Technically GLR works fine, but for me it is annoying that I have to postpone some decisions until run time. Consider such Skila code:
abstract class... static def... // function static let... // field
and grammar for it:
class_mod = ε | class_mod ABSTRACT | class_mod STATIC | ... class = class_mod CLASS ... func_mod = ε | func_mod ABSTRACT | func_mod STATIC | ... func = func_mod DEF ... field = STATIC? LET
This creates a shift-reduce/reduce-reduce conflict and GLR when parsing `abstract override static ...

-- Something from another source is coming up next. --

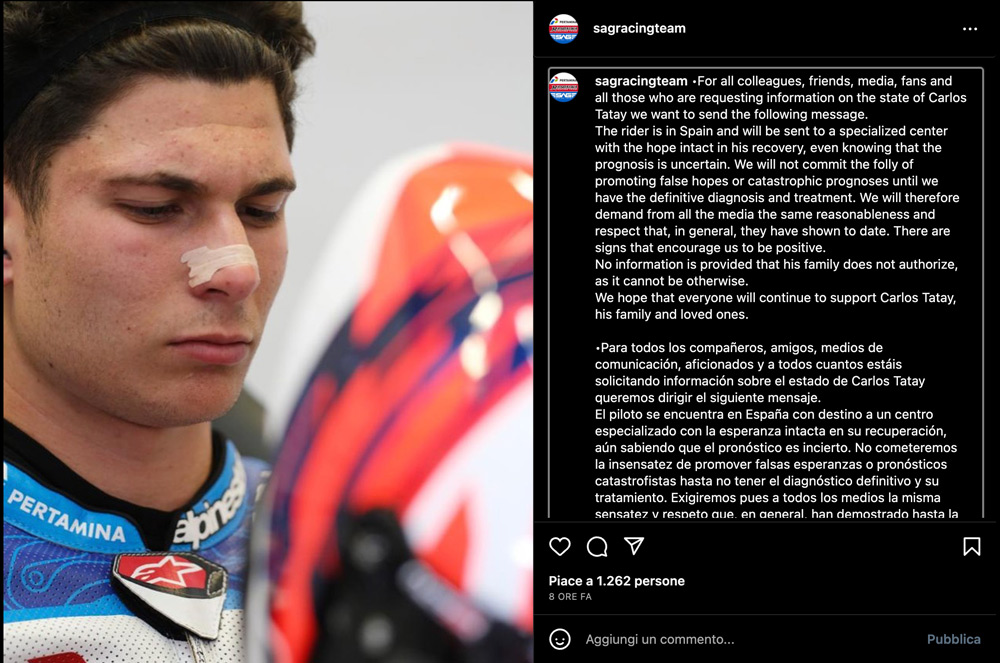 Dopo l' incidente nel corso della prova di Campionato Europeo Moto2 a Portimao, il pilota spagnolo era stato operato d'urgenza all'ospedale di Faro, per via delle gravi lesioni vertebrali riportate. Ora ha fatto rientro in Spagna ed è ricoverato in un centro specializzato in questo genere di traumi. Ancora non ci sono certezze sulla prognosi e sulla possibilità di recupero, le uniche notizie sono quelle riportate dalla sua squadra.
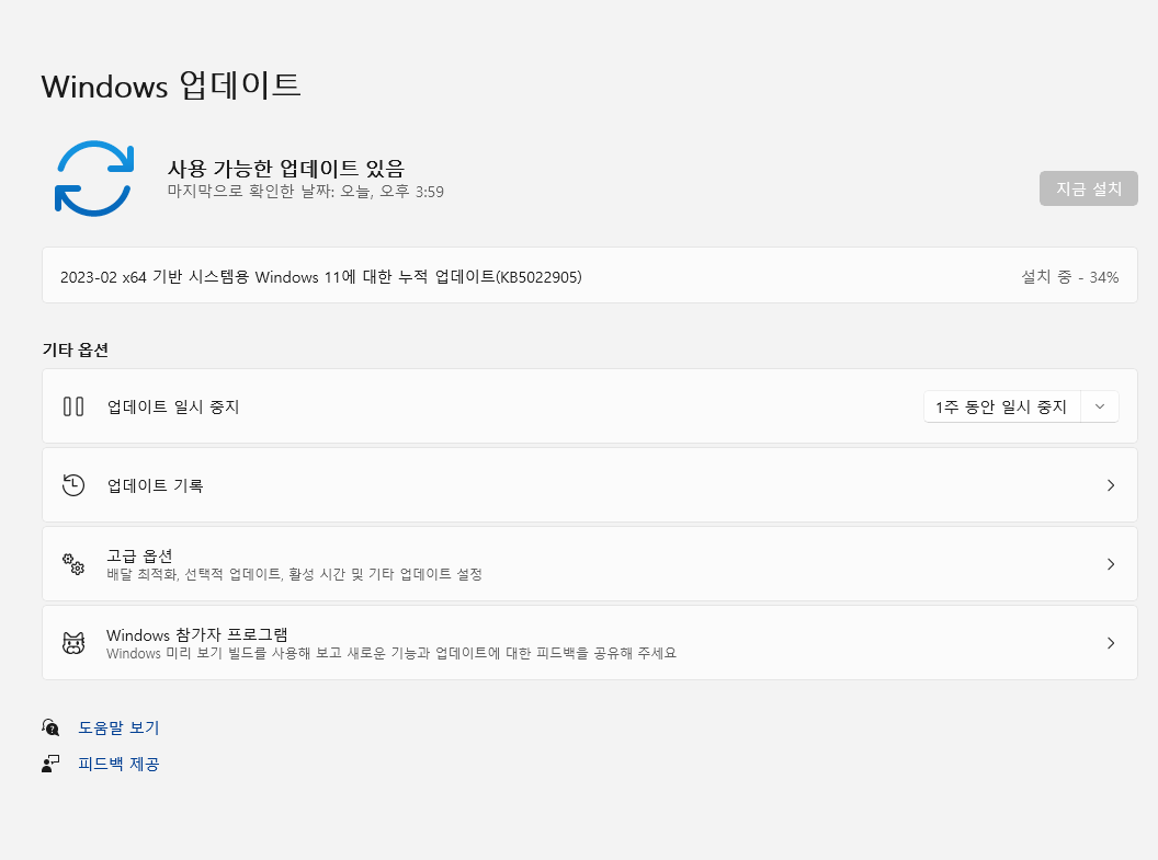 - 윈도우11 시스템 업데이트 큰거 있습니다2023년 02월 24일

` forks on each keyword waiting for the right moment to kill incorrect parse trees. Could we do better? Yes — we know in advance that we are waiting for `class
`, `def
` or `let
` keywords. All we have to do is to incorporate that knowledge into generated parser and instead of forking the tree we will check the incoming data.
To achieve this we have to make just small modifications to the parser generator — along with the first sets and follow sets we add two new ones. Cover set for given symbol is a bag of symbols which appeared on the right hand side of the productions for this symbol (directly or indirectly). For example cover set for `func
` would contain among others things `DEF
`, `func_mod
` and also `ABSTRACT
` as well. The second new set is — surprise, surprise — horizon set. It is very similar to the follow set, but unlike it, it does not mindlessly tell us what can show up right after given symbol (like for `class_mod
` — `ABSTRACT
`). Horizon set ignores such reductions/expansions as shown in the first and the third line of grammar, it focuses solely on true reductions of the symbol. Such reduction, that it cannot be recursively triggered again. So for `class_mod
` horizon set has only one symbol — `CLASS
`.
Having first sets, follow sets and cover sets, computing horizon sets is easy — ignore all productions for which given symbol covers left hand side (LHS) of the production, and for other productions take first symbols of what comes right after our symbol. If there is too little data, take the rest from the follow set of LHS of the current production. Or in other words — it is exactly the same algorithm as for the follow sets, only this time we narrow down the productions with help of cover set and because we have follow sets computed we don’t have to bother with recurrent computations, we just grab the needed data.
For each non-terminal horizon set is checked against its cover set — if those two sets overlap, horizon set is scrapped as unusable. Further computations are performed only in case all involved horizon sets are usable (non-empty).
Armed with all four sets we are ready to resolve ambiguities — in case of reduce-reduce conflict we check whether the horizons overlap, if not, we can use those data in run time. Shift-reduce resolution is a bit more elaborate — having production in shift state we process symbol after symbol from RHS testing if there is an overlap between cover set for current symbol and horizon for reduction on one hand and on the other — between LHS of reduction (when the verification of entire production was unsuccessful we make one final check — instead of using cover set for current symbol we use after-lookaheads). As previously, no overlap means we resolved the conflict — this time using not only horizon for reduction action, but also adding the non-overlapping symbol as a cut off marker to avoid excessive reading of the input.
In our example to resolve reduce-reduce conflict in run time `class_mod
` and `func_mod
` would run over stream of input symbols until they find their horizons, `CLASS
` or `DEF
` respectively — which one is found first, appropriate reduction wins. However because we have shift production in the mix we stop short on `LET
` (this is cut off for both reduction actions), and if this happens shift action wins.
The code is uploaded, so take a look if you are interested in implementation.